It's the anti-malarian hormone, so that's given off by, like, how many,
it's basically an indicator of how many eggs you had, like, your ovarian reserve.
Because mine was hovering around one, and I got it up to about four.
Wow.
Which everybody tells you you can't, but I did, so.
Wow.
But then you go and you have the egg retrieval.
There's no, like, you don't have time to kind of go, yay, or have a shock.
Because you have egg retrieval, then there's sort of, then there's the sperm,
and the joining bit, and then it's one day, two, day, three days.
And it's so weird because you will have so many embryos.
And all they focus on are how many successful.
They don't talk about the fact that you've just lost essentially loads,
because the numbers only go down.
And it's really weird because each one of those losses is like another month of natural
trying or whatever.
So you have to go through, say you get 10,
and then you end up with one embryo, you have to basically absorb 10 months of natural
trying in one go and all the loss of, say, nine months of trying.
God, I never, I never looked at it like that.

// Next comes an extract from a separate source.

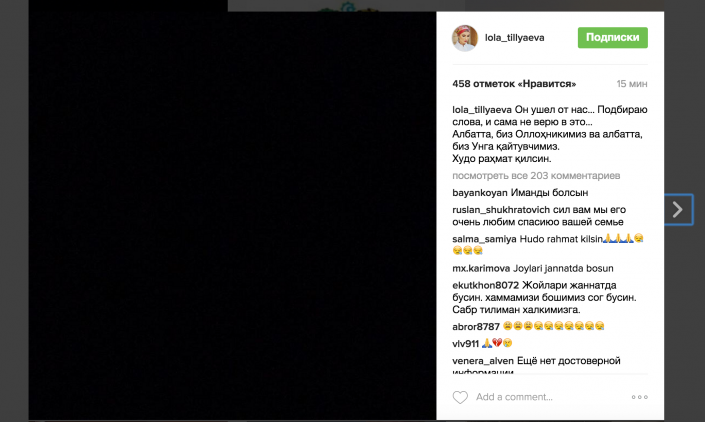 Дочь президента Узбекистана Лола Каримова-Тилляева рассказала в Instagram о смерти отца, передает Tengrinews.kz
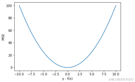 为了简化讨论,忽略下标 i,m = 1,以 y-f(x) 为横坐标,MSE 为纵坐标,绘制其损失函数的图形:

See, I see IVF as time travel, like I really do, because you just speed up what would
happen naturally.
Wow.
Yeah.
That's a really kind of beautiful perspective on it, I suppose.
Yeah, I don't know.
It's just how.
That's crazy.
Yeah.
But it kind of is because if you were left to your own devices, that's how long it would have taken you.
Like, it's sort of, or one, not saying you specifically, but like, yeah.
But you don't have any time to absorb it.
So it was only really when my therapist sat down with me and basically number crunched with me, that when you see it, like literally on a piece of paper in front of you, I was like, oh my God, I have lost so much.
and then gained and then lost and then gained and then lost and then sort of like
and your body is in suspense the whole time like I felt like I probably was tense the whole
time because I had it a couple of times where we had to call off the transfer because I had
a cyst and like all the things that are very normal and happen all the time
so where either then it's like okay you have to wait another month I'm pretty sure
I was probably like this for a month your body can't sustain
that. Like, you just can't. Like, you've got to let it out. So, yeah, and I've still
have my therapist now. We don't talk about anything fertility related. I actually just
chat to her. I'm convinced she's my friend. She might feel differently. But, um, do you pay her?
So she's not your brother? She's a therapist. I'm like, oh, she's just got a new dog and I love
talking to her about her dog. Like, um, I always think that's here. And then I'm like, no, she's,
she's not my friend. Get the invoice. You're like, this is weird.
Yeah.
What?
That's just a catch up.
Okay.
I know that is how I feel.
She's actually going on holiday next week and I was like, oh, really?
Am I not coming?
Like, where are we going?
Grease sounds lovely.
Like, yeah.
Take the therapy is what I would say.
Like, take it.
Like, roll around in it, bathe in it.
Because you may not feel that it's important in that moment, but I am telling you it is.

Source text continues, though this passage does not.